- Mount Château Blanc Location within Alps

Highest point
- Elevation: 3,408 m (11,181 ft)
- Coordinates: 45°38′24″N 7°01′27″E﻿ / ﻿45.6400111°N 7.0241515°E

Geography
- Location: Aosta Valley, Italy

= Mount Château Blanc =

Mountain in Italy

Mount Château Blanc (Monte Château Blanc, Mont Château Blanc) is a 3,408 m tall mountain of the Graian Alps in northern Italy. Its summit lies on the boundary between the municipalities of La Thuile, Valgrisenche and Arvier in the Aosta Valley, Italy.

== Description ==
Mount Château Blanc stands along the ridge dividing the Rutor Valley in the west from the Valgrisenche to the east and which culminates at Testa del Rutor (3,486 m) to the south-west of the summit.

The mountain's eastern slopes, on the Valgrisenche side, are occupied by the Château Blanc Glacier, whereas the larger Rutor Glacier extends across its western flank in the Rutor Valley.

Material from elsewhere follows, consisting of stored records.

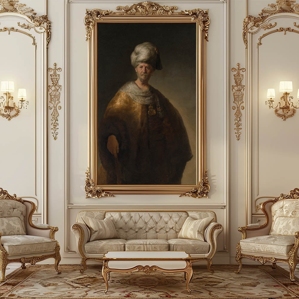 Introduce a touch of elegance and historical charm to your home decor with this captivating Baroque Art Print. Featuring a distinguished gentleman in a turban, this exquisite piece reflects the intricate and artistic elegance of the Baroque era. The artwork captures the essence of detailed Baroque designs, providing timeless artistic expression for your interiors.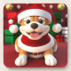Niedlicher Cartoon Hund in Santa Outfit Getränkeuntersetzer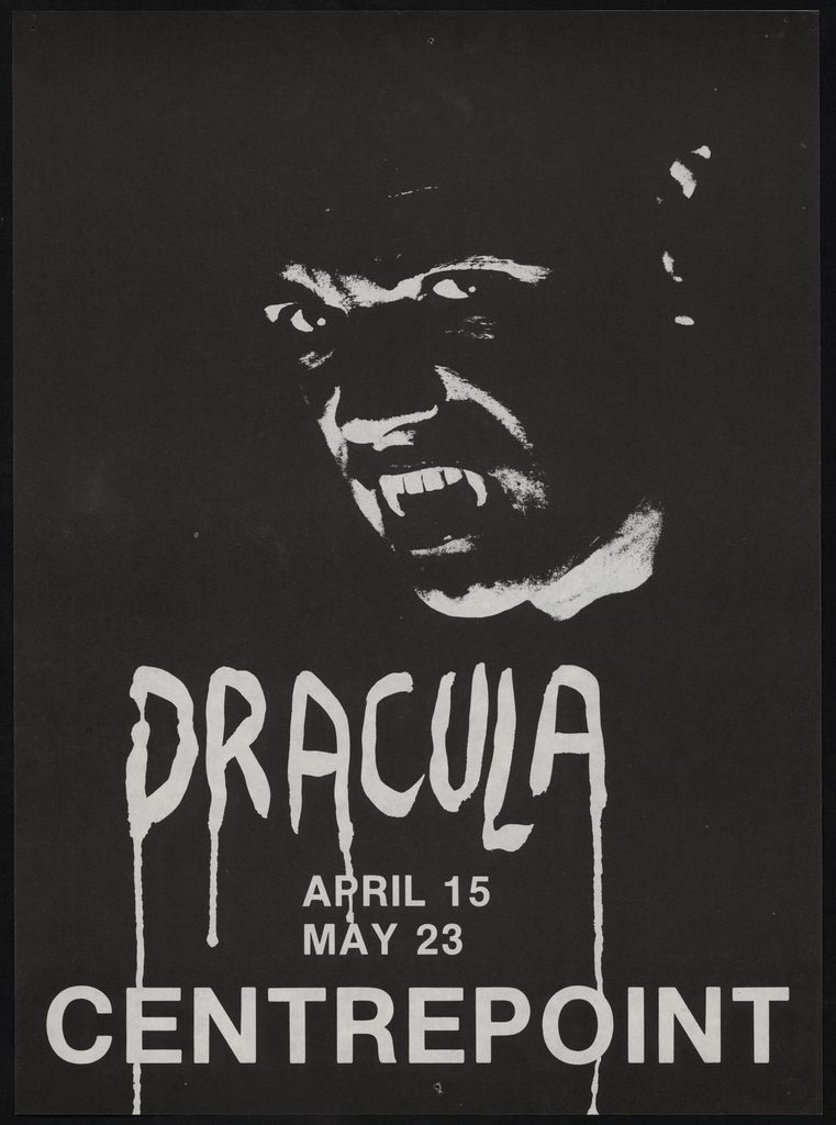 "Dracula April 15 May 23. Centrepoint." Part of a collection of posters that were displayed in the Public Library in the 1970s - 1980s.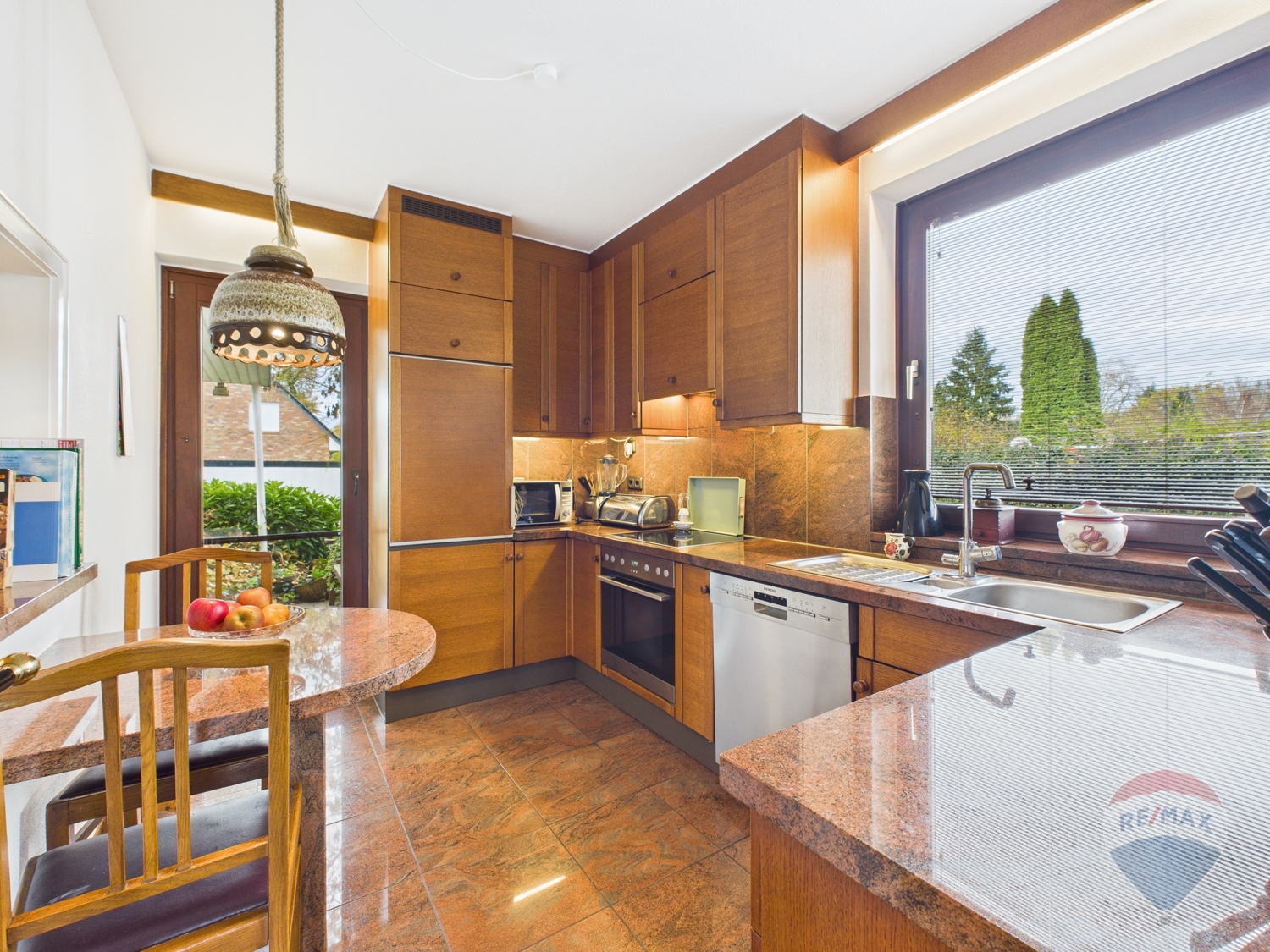 -Einbauküche mit hochwertiger Granitarbeitsplatte inkl. E-Geräte + Zugang zur Terrasse + Durchreiche

== SOIUSA classification ==
According to the SOIUSA (International Standardized Mountain Subdivision of the Alps) the mountain can be classified in the following way:
- main part = Western Alps
- major sector = North Western Alps
- section = Graian Alps
- subsection = Alpi della Grande Sassière e del Rutor
- supergroup = Catena Rutor-Léchaud
- group = Gruppo del Rutor
- subgroup = Nodo del Rutor

== Ascent ==
The summit is most commonly reached from Planaval at the entrance to the Valgrisenche. The ascent is a popular ski mountaineering route.